Upon arrival at the Jinotega city dump, our noses were flooded with the potent smell of trash and feces. Roaming dogs were so emaciated their ribs were protruding. A plethora of flies swarmed us. To my surprise, families lived among the heaping piles of rubble. We were informed these families couldn’t find employment back in Jinotega, so they moved here to scavenge for scrap metal and any other items to sell. By the living quarters, kids were smiling and playing soccer with one another. I was absolutely flabbergasted—happiness without material comforts? What’s that? Growing up as a child of immigrants, I was indoctrinated to believe that happiness was tied to economic circumstance and the material divine. Then I caught myself looking at the soccer match and smiling too. Human resiliency is beautiful. There is nothing beautiful about poverty, but there is something remarkable about the will to persist, the ability to circumvent destitute conditions, and the propensity to cultivate joy—riveting joy in your community and between loved ones. Even years of schooling and learning two languages couldn’t have taught me what I learned that day about the human condition.

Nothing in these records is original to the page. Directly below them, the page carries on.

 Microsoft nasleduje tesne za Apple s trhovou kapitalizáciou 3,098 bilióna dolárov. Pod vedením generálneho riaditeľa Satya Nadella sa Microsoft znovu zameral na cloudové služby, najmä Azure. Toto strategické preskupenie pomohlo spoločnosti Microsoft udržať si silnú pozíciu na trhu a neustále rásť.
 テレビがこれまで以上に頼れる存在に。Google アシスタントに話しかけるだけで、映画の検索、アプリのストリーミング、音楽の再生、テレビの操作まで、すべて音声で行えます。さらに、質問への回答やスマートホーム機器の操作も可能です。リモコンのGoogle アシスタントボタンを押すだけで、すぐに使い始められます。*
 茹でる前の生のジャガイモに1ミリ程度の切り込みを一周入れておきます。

We often act like poverty is exclusive to “other,” something featured on a UNICEF advert discussing a far away land, something enigmatic that eludes the privileged, because we don’t experience it, “other” people do. Well, I come from the United States of America, the richest country in the world. Poverty—extreme poverty—like the kind I witnessed in Nicaragua exists in the United States of America. People in the United States of America also rely on selling scrap metal for sustenance. People in the United States of America also live precariously, one paycheck away from losing the roof over their heads. People in the United States of America also struggle with malnutrition and food insecurity. Poverty is not a prerogative of “other,” nor is it something we have to idly accept as inevitable or normal. To have egregious poverty exist in the richest country in the world is not only offensive, and shameful—-it is morally repugnant.

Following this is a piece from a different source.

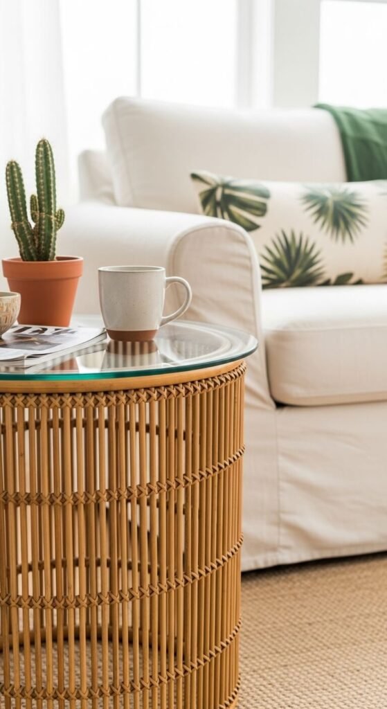 A rattan side table with a glass or wood top brings tropical texture to a seating area without adding visual weight. The glass top makes the surface practical — you can rest drinks without worrying about the weave. Round rattan side tables work well beside sofas, armchairs, or as a bedside alternative to a standard nightstand. Prices start at $60–$120 for new pieces. Secondhand rattan tables are common at thrift stores and garage sales — often needing only a clean and a coat of clear varnish to look great again. A $10 DIY fix gives them years more life.

Not only is capitalism responsible for the environmental degradation of beautiful Nicaragua, capitalism cultivates, supports, and sponsors poverty. Capitalism is contingent on poverty’s existence. Low wages are necessary to maintain profitability. Coffee beans are a popular export of Nicaragua. A cup of joe will cost anywhere from $2.50 – $5.50 depending on where you are, yet coffee farmers make $1.00 – $3.00 per day, often living in poverty. The profitability of American coffee conglomerates is contingent on undercutting everybody else in the supply chain, including your coffee farmer and your barista. The wealthiest 2000 people have more aggregated wealth than the bottom 4,600,000,000 people. For reference, there are 7,800,000,000 people on this planet. This is the why, so what can we do about it

Discontent with capitalism is pervasive, and we are in dire need of a world that prioritizes human-well being and the sanctity of this Earth. The capitalist culture of consumption does not provide meaningful sustenance for large numbers of people, so we must ask ourselves: what brings us joy? True, riveting joy? Is it something new picked off the catalogue, or is it the people we’ve always had? We must focus on equality as the driver of prosperity. We need to give workers a just return on their investment for their arduous labor, time, and commitment. Abolishing the practice that shareholders are the only constituents of business that matter can help with that. Employees matter, every single one of them, from the farmer to the barista to the janitor. Another tangible strategy for greater equality is to unionize: allow workers to have their fundamental right to bargain collectively against intuitions of extortion. We need a complete reframing of the tax codification. The list of viable solutions goes on and all of them have the potential to materialize if we demand for it.